Пара полицейских патрульных машин держала подъезд под наблюдением – по одной с каждого конца. Лантернгласс замедлила ход перед крупным гладколицым копом в зеркальных очках. Он стоял на ее пути, пока она не остановила машину, потом подошел со стороны водительского окна и ленивым круговым жестом одной руки велел опустить стекло.
– Только родня работников торгцентра, мэм. Вы родня?
– Да, сэр, – соврала она. – Мой сын, Окелло, работает в обувном «БИГ». Он в здании находился, когда это случилось. Я была с теми девушками, которых вы только пропустили. – Она указала на «ОЙ, ВКУСНЯТИНУ», которая как раз парковалась в трети подъезда от них.
Впрочем, коп перестал ее слушать, едва она назвала имя, лишь махнул рукой и отступил в сторону.

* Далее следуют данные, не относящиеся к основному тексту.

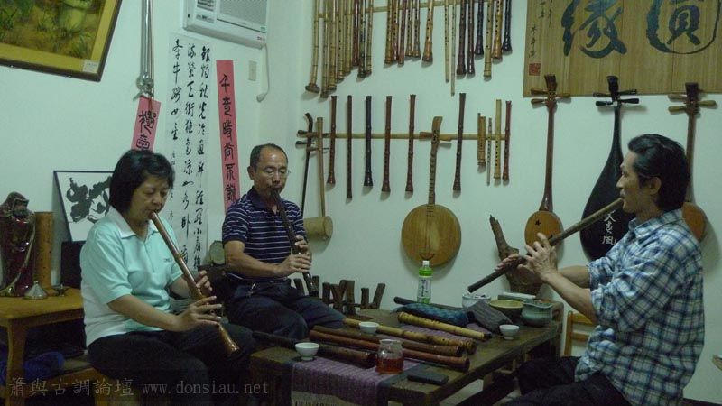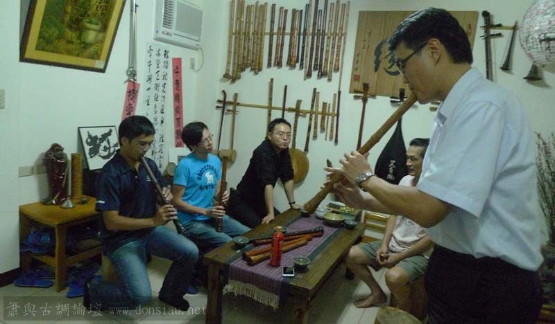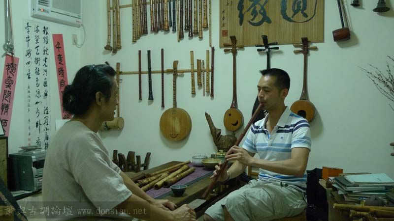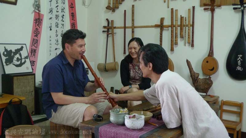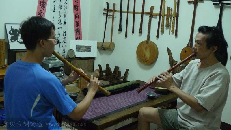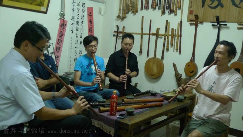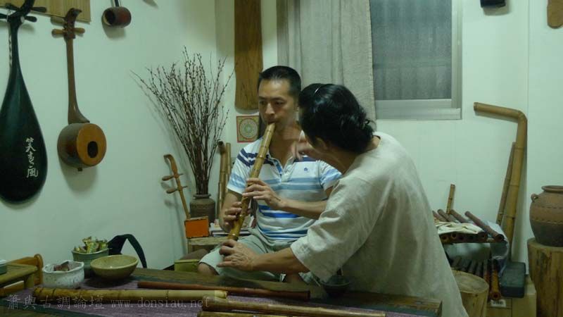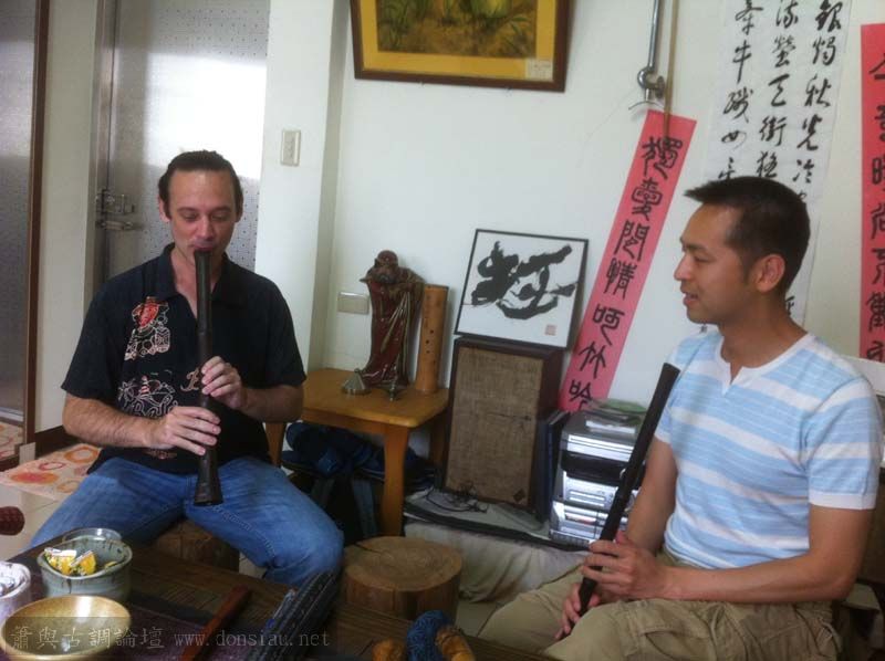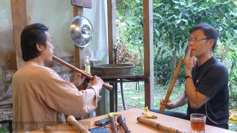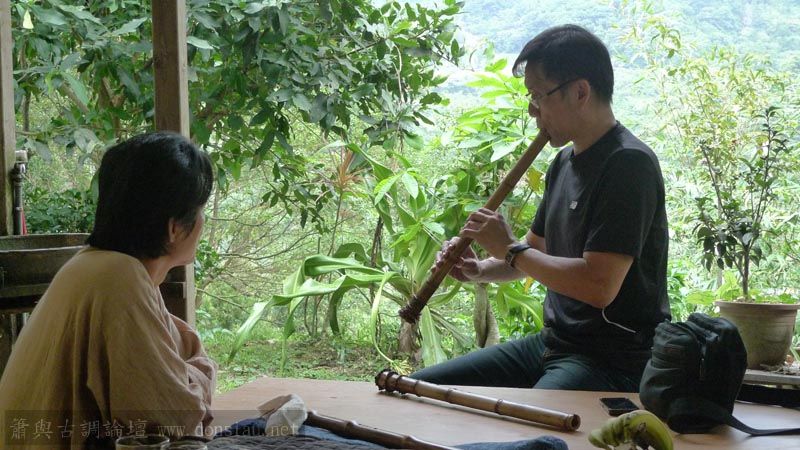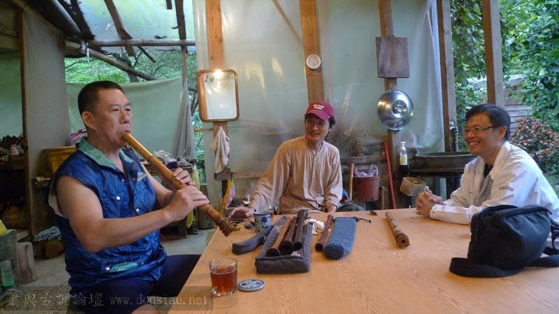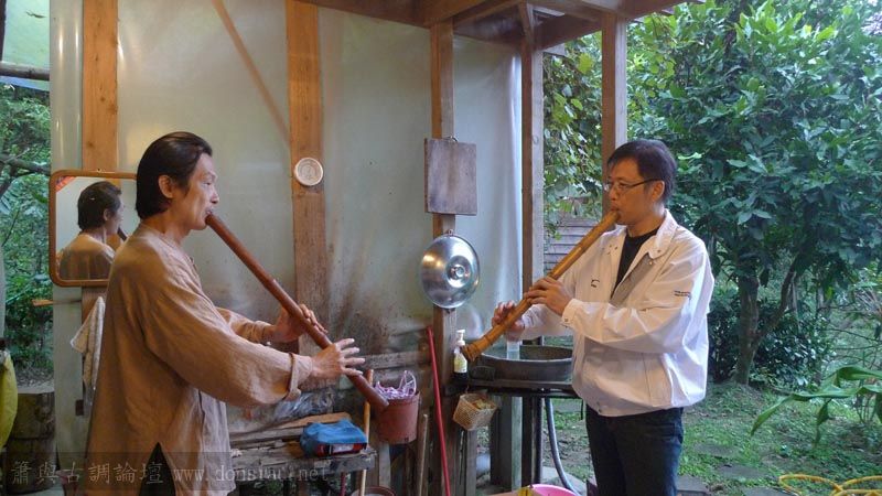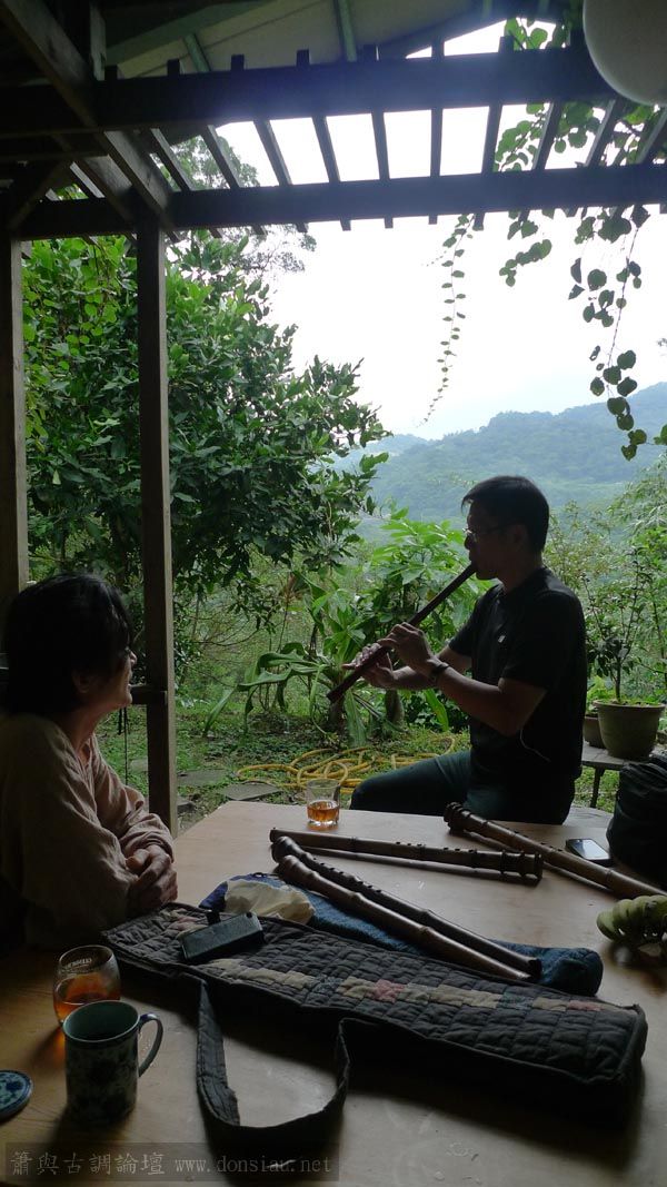 劉永泰老師所訂的簫完成,上山試簫,巧遇柔壯兄騎單車因雨到達,一起愉快交流!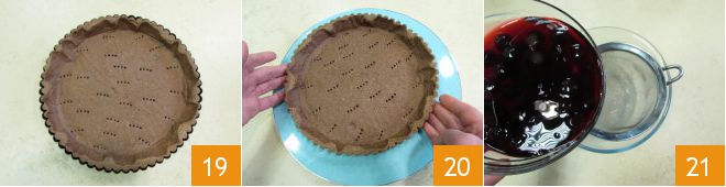 Uma vez que a base esteja assada, deixe esfriar completamente 19 antes de transferi-la para o prato de servir 20. Enquanto isso, cuide do restante. Escorra as cerejas, recolhendo 100 g de calda em uma tigelinha 21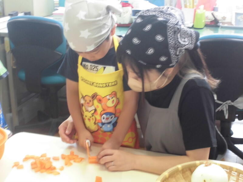 今日は「カレー会食」を行いました。朝早くからおうちの方が来園し、具材の準備をしていただきました。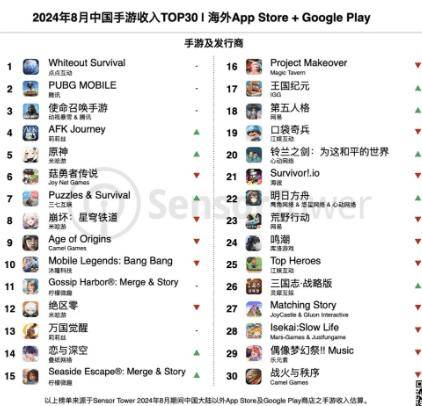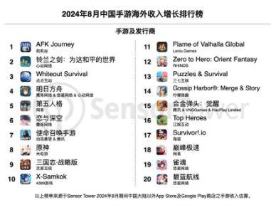 根据全球移动市场情报平台Sensor Tower发布的最新报告,2024年8月中国手游产品在海外市场取得了显著的收入与下载量增长。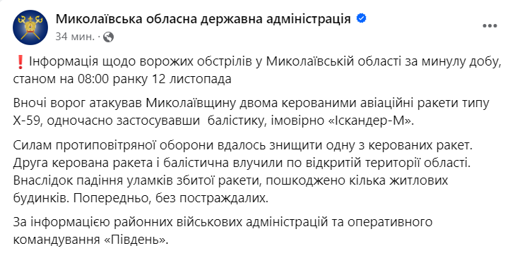 09:07 Ночью войска РФ атаковали Николаевскую область двумя управляемыми авиационными ракетами типа Х-59, одновременно применив баллистику, предположительно "Искандер-М".

Когда она припарковалась, три девчушки уже выбрались из своей «Ауди» цвета молочного коктейля с клубникой, а сидевшая за рулем, стоя на цыпочках, уже обнимала долговязого черного юношу. Небольшая толпа томилась среди машин: служащие, эвакуированные из здания, которые держались поблизости и возбужденно рассказывали и пересказывали, как им самим едва-едва удалось уцелеть. Наверное, оттого, что ей вспомнился Колсон, для которого сцена была домом родным, назойливый, оживленный рой зевак напоминал ей закулисье после успешного спектакля – добротной кровавой трагедии, по-видимому.
Припарковавшись, она вышла из машины, как раз когда парень с девушкой бросили обниматься. И перехватила их, когда они пошагали обратно к розовому авто.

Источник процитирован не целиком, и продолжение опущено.